She went to the cupboard, slightly dislodging the plastic garden vine woven into her hair, and took out a bottle of red wine.
‘He’s called Scott. He was at college with Jake.’
‘He’s a musician?’
‘No. Yes. No.’ She looked at me. ‘That’s a hobby. He went into the SAS.’
The Special Air Service! He was James Bond! It explained everything. The ‘One, sir! Two, sir!’ Billy jumping and rolling from the tree. The gun reflex at Sports Day. Bond.
‘When did he start at the school?’
‘Last year – December?’
‘I bet it’s him. He went off to Sandhurst, then he was abroad a lot, but they kept in touch in a man-friend – i.e. not-very-often – sort of way. Jake ran into him a few months ago. He’d been in Afghanistan. Some bad shit had happened. He said he was back and “keeping it simple”.’ Rebecca suddenly laughed. ‘He thinks teaching at a London private school is “keeping it simple”? Has he seen your Quadrant Living chart?’
‘And he’s married?’
‘Not if it’s him. He’s got two boys, right, at boarding school? He was married, but not any more. She was a nightmare.’
‘Is she really plastic-surgeried . . .?’
‘Exactly. She turned into a major spender: clothes, charity luncheons, all that bollocks, total plastic-surgery queen. When he went abroad she started sleeping with her personal trainer, filed for divorce and tried to fleece him. That place Capthorpe Hall is the family pile. I think she might have tried to get back with him now she’s made herself look like the Bride of Wildenstein. I’ll ask Jake. Next time I see him.’
BACK TO SCHOOL
Friday 13 September 2013
Minutes late for school pickups 0 (but only as trying to impress Mr Wallaker), conversations with Mr Wallaker 0, seconds of eye contact with Mr Wallaker 0.

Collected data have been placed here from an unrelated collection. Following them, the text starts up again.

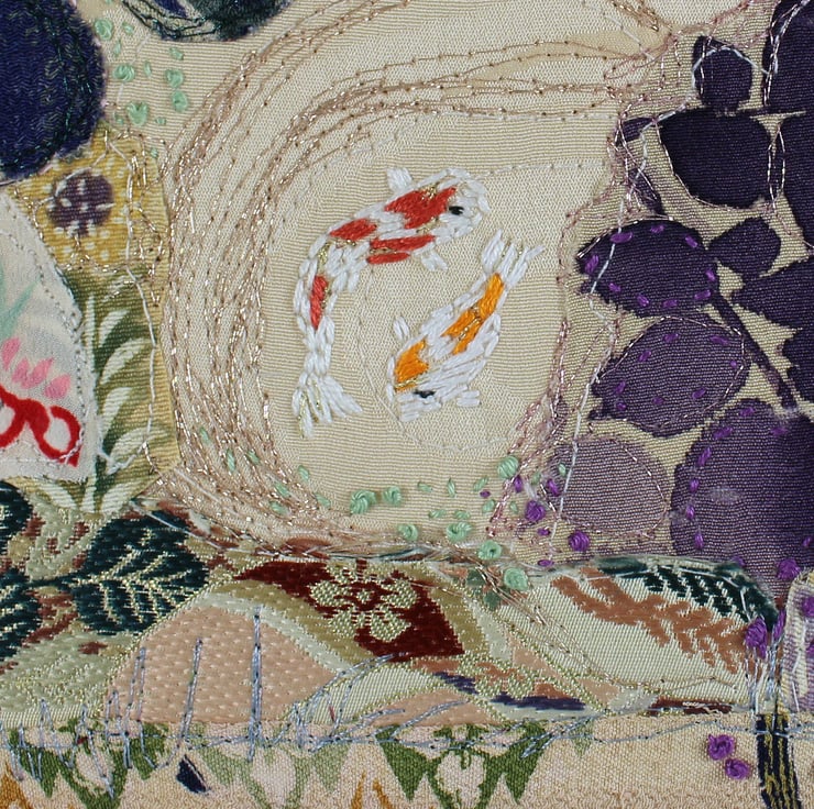 I have visited Japan several times and have a collection of kimonos and fabrics. The beautiful silk fabrics are inspirational to work with. I have many wonderful memories of visits to Japanese gardens.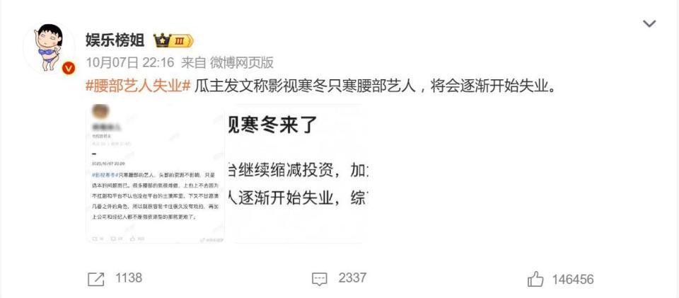 10 月 7 日,有网友爆料称,2025 年影视行业的寒风,精准刮向了娱乐圈的“夹心层”——腰部艺人。这些曾经在荧幕上混了个脸熟的演员们,如今正集体陷入“高不成低不就”的生存困局:既挤不进头部顶流的资源圈,又放不下身段去抢配角和短剧的饭碗,最终在行业洗牌中成了“批量失业”的代表。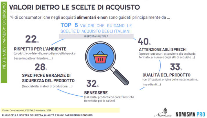 VALORI CHE GUIDANO GLI ACQUISTI: Attenzione agli sprechi (40%), qualità del prodotto garantita dalla presenza di certificazioni (33%) e ricerca di benessere – inteso come salubrità e caratteristiche benefiche per la salute – (32%) è la TOP3 dei valori che guidano le scelte di acquisto degli italiani. La sostenibilità fa sempre più parte della vita degli italiani: il 92% dichiara di fare la raccolta differenziata in casa (anche se l’intensità è ancora molto eterogenea) e il 70% di utilizzare elettrodomestici a basso consumo energetico. Anche a tavola si sceglie con un occhio attento alla salvaguardia dell’ambiente: sono 21,5 milioni le famiglie italiane che nel 2018 hanno acquistano prodotti alimentari bio in modo consapevole (81%).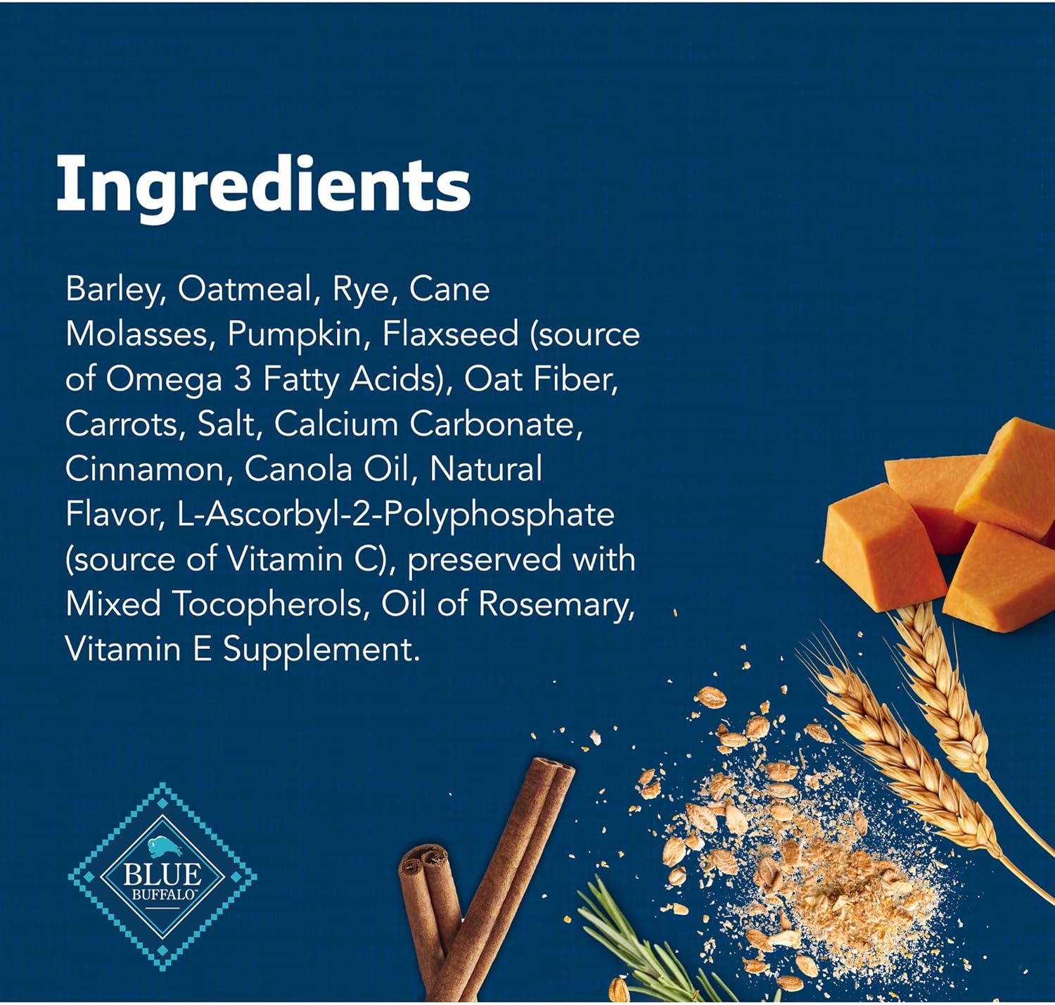 Contains: One (1) 16-oz bag of BLUE Health Bars Natural Crunchy Dog Treats Biscuits, Pumpkin & Cinnamon

9.15 p.m. It seems Rebecca was right. And although I have not breathed a word about any of it (except, obviously, to Talitha, Jude and Tom), the news is out that Mr Wallaker is not married. Which is awful because now there is a feeding frenzy over Mr Wallaker. Everyone is trying to fix Mr Wallaker up with their single friend. Farzia did suggest trying to shove me at him, but it is pointless. Even though my heart leaps now, when I see him on the steps, Mr Wallaker does not come up and tease me any more. Mr Wallaker does not run into us on the Heath. The magic is gone. And it is all my own fault.

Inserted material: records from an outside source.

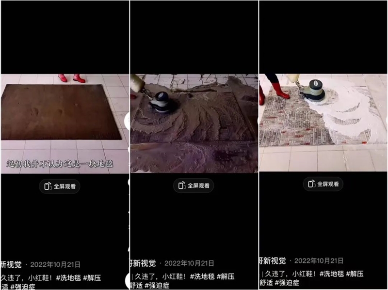 洗地毯视频的开场,一般都是向用户展现一块脏的不见原貌的“黑色地毯”,然后经过冲水、洗涤剂、翻面、刮水等等动作使其“重现真容”,过脏的地毯还会重复上述过程三到四次。一套流程下来,视频的时间可以说是意料之中的长,有的甚至能突破10分钟,但向来“急躁”的短视频观众们,对它的容忍度却异常的高。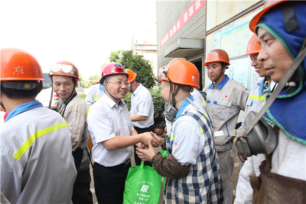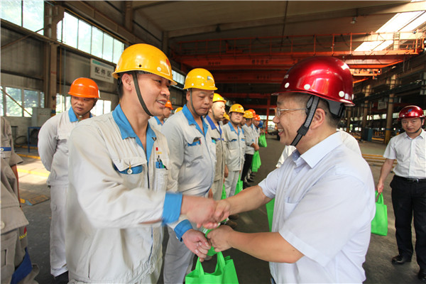 7月31日~8月1日,,,,,,受918博天堂钢构集团董事长偏向阳、执行董事长孙关富、总裁裘建华等公司向导的重托,,,,,,集团工会主席田新霖向导工会委员一行前往公司生产一线和项目现场,,,,,,探望和慰问奋战在高温前线的918博天堂人,,,,,,把慰问品送到员工的手上。。。。炎炎夏日,,,,,,工会“外家人”把清凉送到员工的心坎上,,,,,,也带去了集团向导的关爱与慰问。。。。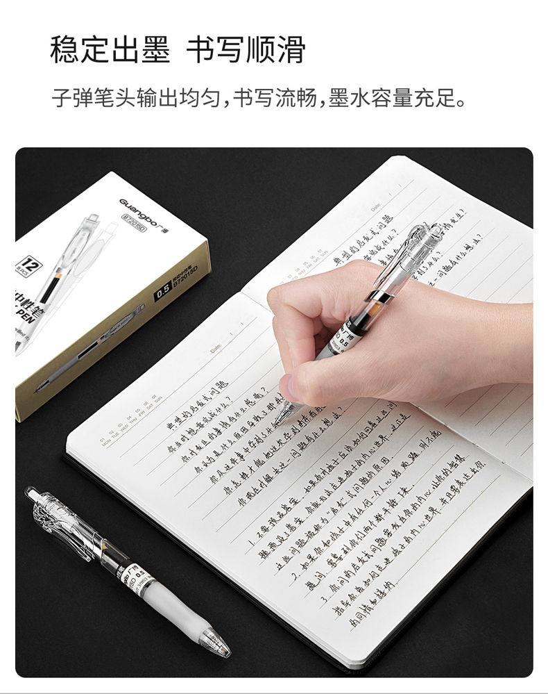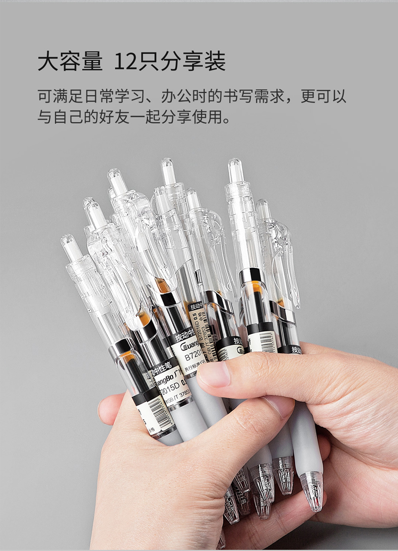 广博开学文具大赏简约按动中性笔-黑色12支装量贩囤货 商品图6

Mr Wallaker is in charge of more and more things at the school: sport, chess, music, ‘Pastoral Care’. He is like Russell Crowe in Gladiator – when he was a slave and organized the other slaves into an army and defeated all the Greeks or Romans. It’s like putting ants down in any situation: ants will just do what ants do. If you put someone really cool and capable down anywhere they will just be cool and capable. And be set up with every unattached woman in sight except me.
Friday 27 September 2013
9.45 p.m. ‘It’s you he loves,’ said Tom, on his fourth mojito in the York & Albany.
‘Look, can we just shut up about Mr Effing Wallaker?’ I muttered. ‘I’ve accepted my life now. It’s good. It’s the three of us. We’re not broke. I’m not lonely any more. I’m a great tree.’
‘And The Leaves in His Hair is going to be made!’ encouraged Jude.
‘What’s left of it,’ I said darkly.
‘But at least you’ll get to go to the premiere, baby,’ said Tom. ‘You might meet someone there.’
‘If I’m invited.’
‘If he’s not calling you, if he’s not texting you, he’s just not that into you,’ said Jude unhelpfully.
‘But Mr Wallaker has never called her or texted her,’ said Tom squiffily. ‘Who are we talking about here?’
‘Can we please stop talking about Mr Wallaker? I don’t even like him and he doesn’t like me.’
‘Well, you did rather give him an earful, darling,’ said Talitha.
‘But there was so much depth to what was building,’ said Tom.
‘When he’s hot, he’s hot; when he’s not, he’s not,’ said Jude.